It was a real treat to be asked to review the second edition of Mark Bellomo’s amazing visual chronology: The Ultimate Guide to G.I. Joe 1982-1994. My own childhood Joe collection only goes up to around 1987’s series IV but it was a passionate and memorable 5 years! Straight-armed Rock ’N Roll started it all. Thereafter, I clearly recall having a paper route which garnered me about $10 a week. And each week I’d go to Child’s World in Wayne, N.J. and buy three G.I. Joe figures. Good times. But this blog isn’t about me, its about a book that brings back those cherished memories.
My first impression leafing through this book was: “Wow, this is thorough!” And then: “Wow, its actually well organized.” Bellomo’s insightful comments are obviously the result of a passion for the property and exhaustive research. Unlike other action figure collection tomes, Ultimate G.I. Joe does not resort to weird or goofy self-serving jokes and gimmicks. This is not to say the book is dry. I chuckled when I noticed that when Bellomo pictures vehicle and playset accessories he refers to them as the: “easily lost pieces.” The notes are valuable and interesting, incorporating things like comic and cartoon appearances. Many of which, he notes, were directly communicated to him by Larry Hama. Speaking of which, the book opens with a fascinating foreword by Mr. Hama, himself. Short but thoughtful, its something any action figure enthusiast should read.

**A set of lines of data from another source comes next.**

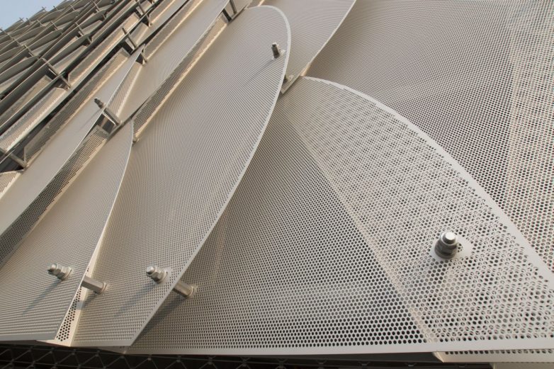 Laserski sečeni paneli od perforiranog metala su montirani ručno na čeličnu potkonstrukciju.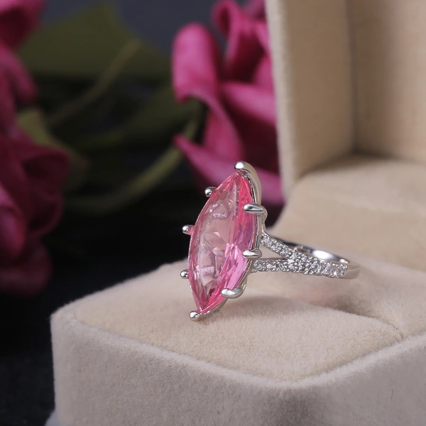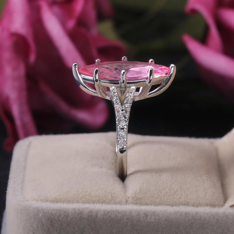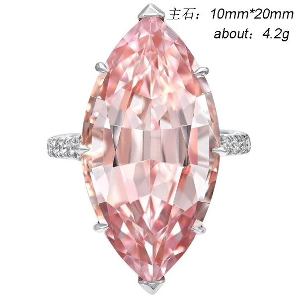 إكسسوارات أزياء أوروبية وأمريكية، خاتم كريستال وردي كبير على شكل ماركيز للنساء، مصنع بالجملة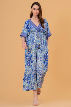 Un elegante y cómodo mono jumpsuit de pernera ancha, ideal para un look completo y sin esfuerzo. Destaca por su vibrante estampado de azulejos en tonos azules y su escote V con cenefa. La manga kimono y la cintura fruncida con borlas garantizan un ajuste perfecto y cómodo.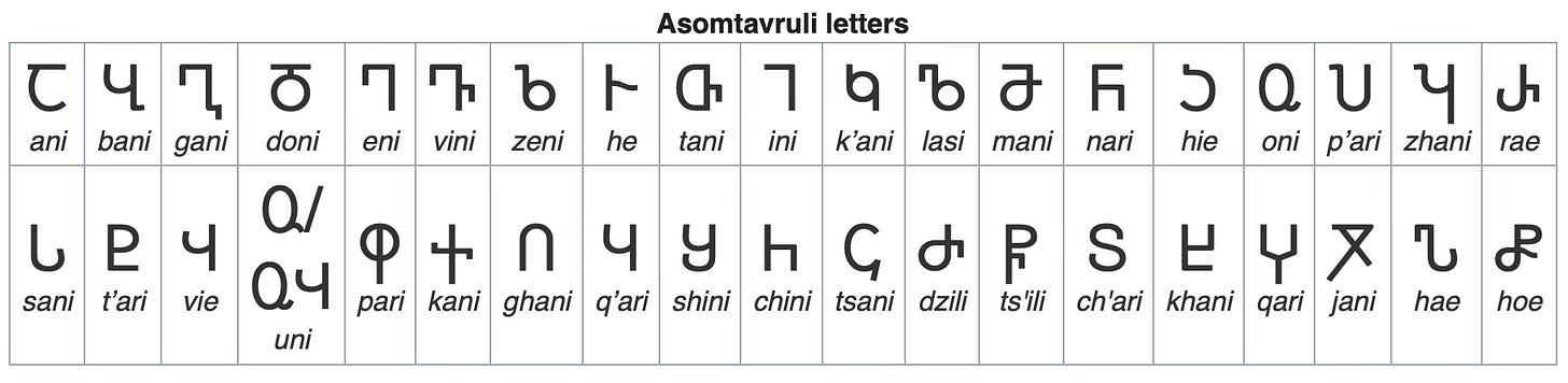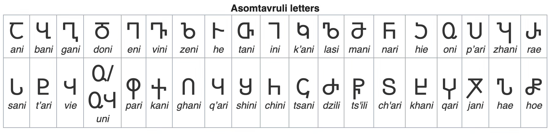 Asomtavruli, meaning “capital letters”, is the oldest of the three Georgian scripts and goes back to at least the early 5th century. It was created with only one case (ie, no lowercase) since carving onto stone and clay were the only forms of preservation at a time when authority mattered and literacy was limited.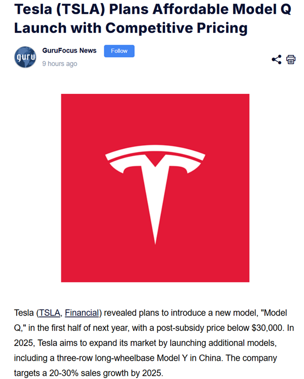 据报道,日前,在德银举办的特斯拉投资者关系负责人Travis Axelrod的投资者会议上,特斯拉方面表示,计划在明年上半年推出名为“Model Q”的新车型,补贴后价格低于30,000美元。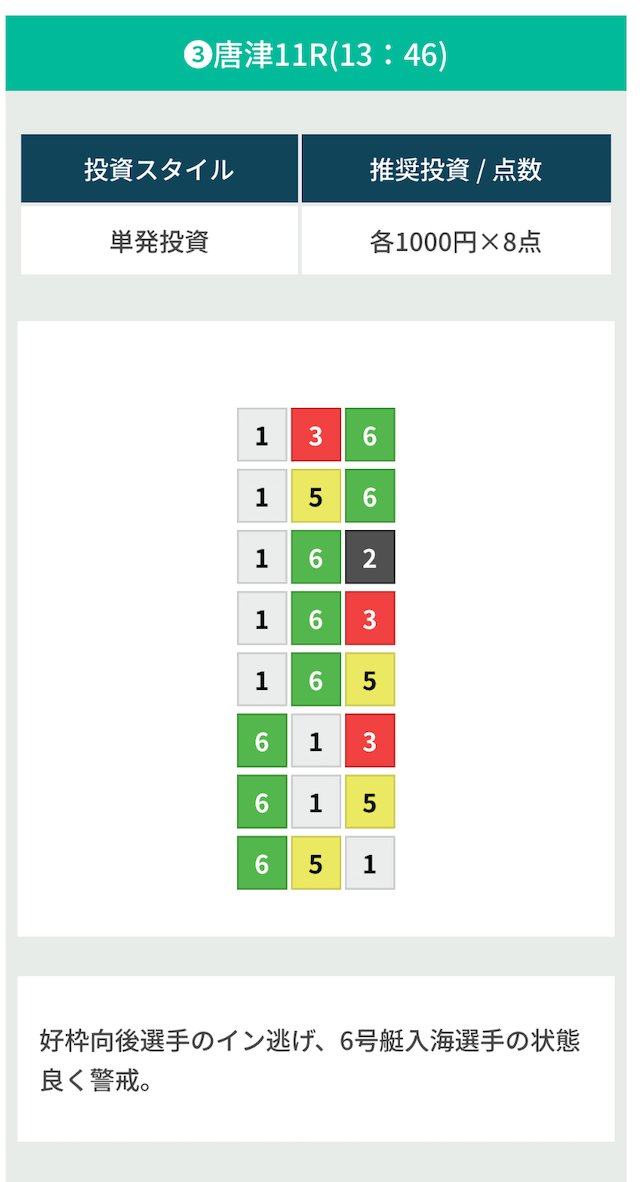 09月30日唐津11R | 1-3-6 | 8,000円 | 12,700円 | 159% | |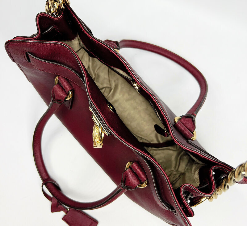 Выполнена из прочной фактурной кожи бордового оттенка и украшена фирменной золотистой фурнитурой с подвеской-замком MK. Две короткие ручки и плечевой ремень с цепочкой позволяют носить аксессуар в разных форматах. Внутри — удобное отделение с карманами для организации.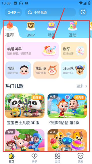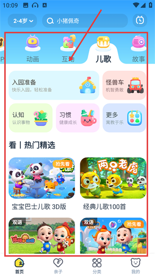 3、切换到【儿歌】分类页,能看到入园准备、认知等板块,还有热门精选的儿歌内容可挑选哦。

G.I. Joe, more than any other toy line, is fun to watch evolve. A line like Masters of the Universe started out kooky and ended kooky. But G.I. Joe started out in 1982 with pretty straight forward military soldiers. Yes, they were specialists, but not too far removed from reality: Infantry Trooper, Machine Gunner, and Tank Commander. By 1994 we had Alien Bounty Hunters and Snow Ninjas. That and all the crazy stuff in between is here. In fact, with this book you are getting images and information about every domestic 3 3/4" Joe toy (accessory, action figure, playset, and vehicle) produced by Hasbro from ’82 to ’94 – the entire vintage run.
Here is an example of a basic figure entry.
Bellomo answered fan critiques of the first volume by partnering with a professional photographer to reshoot all of the vehicle and playset pictures. All of the imagery is consistent and well done.
I particularly enjoy the photos of “ephemera” that begin a number of the chapters. Seeing these product catalogs, mail away coupons, newsletters, etc. brings back lots of good memories! Its just one of the things that makes this book accessible to even casual fans. Many thanks to Mark Bellomo for his labor of love: The Ultimate Guide to G.I. Joe 1982-1994. Highly recommended by this Man of Action.